Barcelona llegó a ser el espejo en el que se miraba todo el sector cultural. Pero pronto dejamos de trabajar allí porque hacerlo en español era imposible y porque el arte se gestionó por una élite de varios apellidos catalanes y credo nacionalista. Madrid, mientras tanto, ponía sus teatros en manos de los mejores directores vascos, catalanes, valencianos… a veces incluso a algún madrileño.
Y poco a poco fue apoderándose de un liderazgo que había pertenecido a la ciudad que Colau y el nacionalismo han destrozado. Los artistas catalanes venían más a Madrid buscando un trabajo que escaseaba en su tierra. Y Madrid nunca preguntó nada. Ni por los apellidos ni por la ideología. No se fijó en su acento. No exigió reciprocidad. Madrid se quedaba con lo bueno.
Premiaba a los mejores. Creaba una industria con errores y aciertos. Errores subvencionados que no construyeron nada sólido y una estructura que competía alrededor del teatro, de los musicales, de la televisión, que ha hecho que miles de familias vivan de ello y ha servido de polo de atracción para que el resto de España recupere aquello de ir a la capital a ver espectáculo.
Madrid se convirtió —a pesar de la corrupción de la derecha— en lo más parecido al sueño liberal que había en España.

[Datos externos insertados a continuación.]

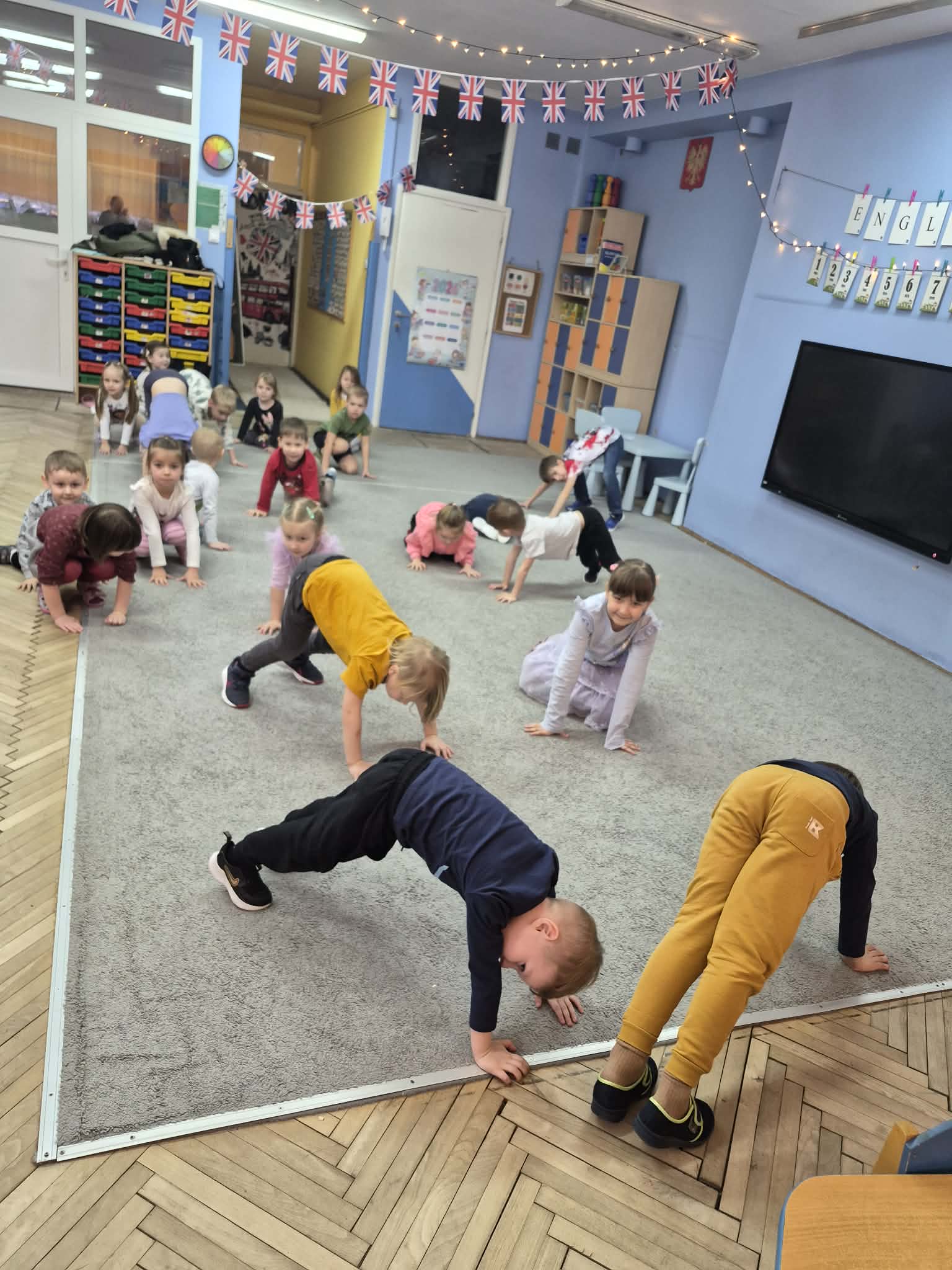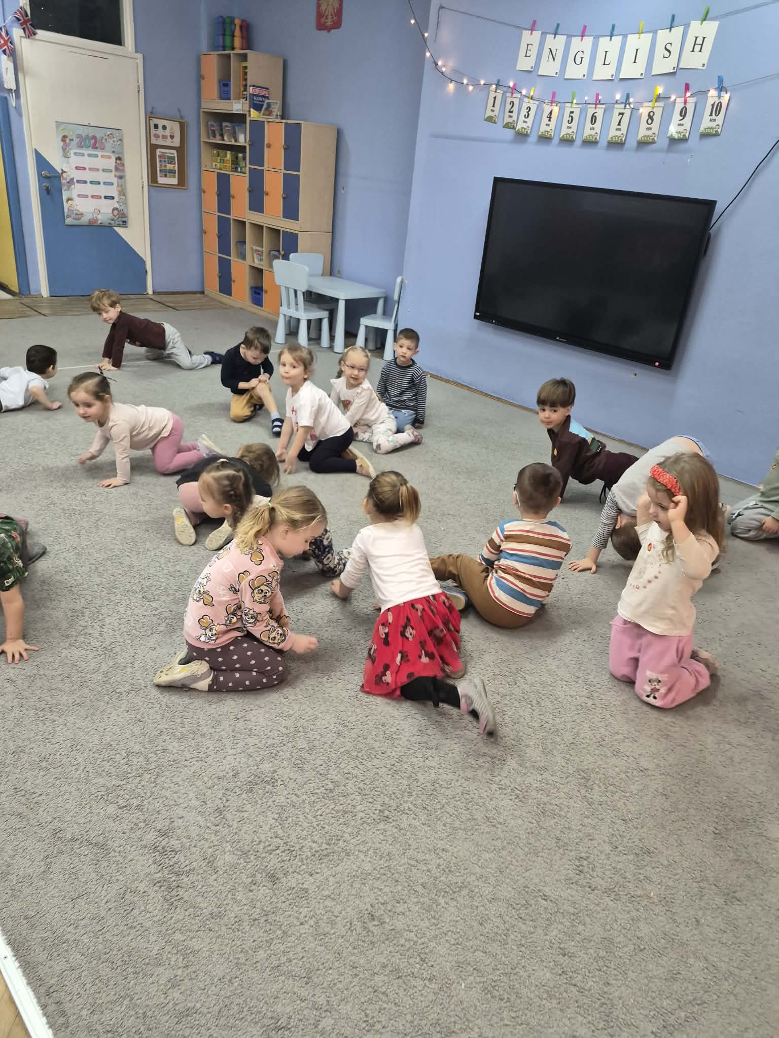 W ostatni tydzień stycznia dzieci uczyły się następujących słówek: dog – pies,cat – kot,bird –ptak,hamster – chomik,fish – ryba,turtle – żółw,parrot – papuga. Śpiewaliśmy piosenkę „This is my pet”. Dzieci uczyły się opowiadać o swoich pupilach i chętnie bawiły się w zwierzątka domowe podczas zabaw ruchowych czy kalamburów.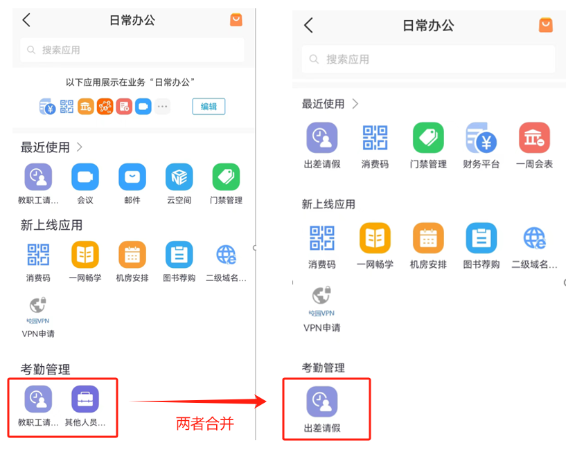 为更直观地体现模块功能,将电脑端信息门户原有的“因私请假/公务出行/离沪报备”模块名称变更为“公务出行/因私请假/出差审批”;手机端Welink因只能显示前四个字,名称变更为“出差请假”。(虽名称有不同,但此模块在信息门户和Welink上功能完全一样。)

Mientras tanto, debido al puñetero procés, las empresas abandonan Cataluña. Y la riqueza de una comunidad que fue motor de España, tras malgastar miles de millones de euros en una normalización lingüística expulsa a muchos e impide que lleguen los mejores, que está exhausta después de costear una televisión golpista que es la más cara de España y reventada por unas élites que exigían el 3% de todo lo que se movía, se desploma.
Ahora, entre mirar al centro político y geográfico o asomarse al abismo, una vez más, el socialismo —maestro en igualar por abajo— han decidido imitar el peor modelo posible: el catalán. Ximo Puig apela al ‘seny’ de ERC. Como si lo tuviera. Sánchez e Iglesias entonan un ‘Madrid ens roba’. Y en vez de fijarse en la ciudad que más crece, en la más cosmopolita, deciden lastrarla mientras miran a una sociedad dividida y empobrecida.
Una urbe donde los violentos campan a sus anchas, en la que no hay semana en que un terrorista no dé una charla en TV3, un lugar en el que un grupo de imbéciles corta una de las mayores arterias de la ciudad desde hace meses sin que nadie haga nada por evitarlo porque la ley ya no cuenta, donde a Otegi se le pide un selfie y cuyo nivel educativo y cultural está en franca decadencia.
El socialismo es un oráculo inverso. Miren adónde apunta, y tiren para el otro lado.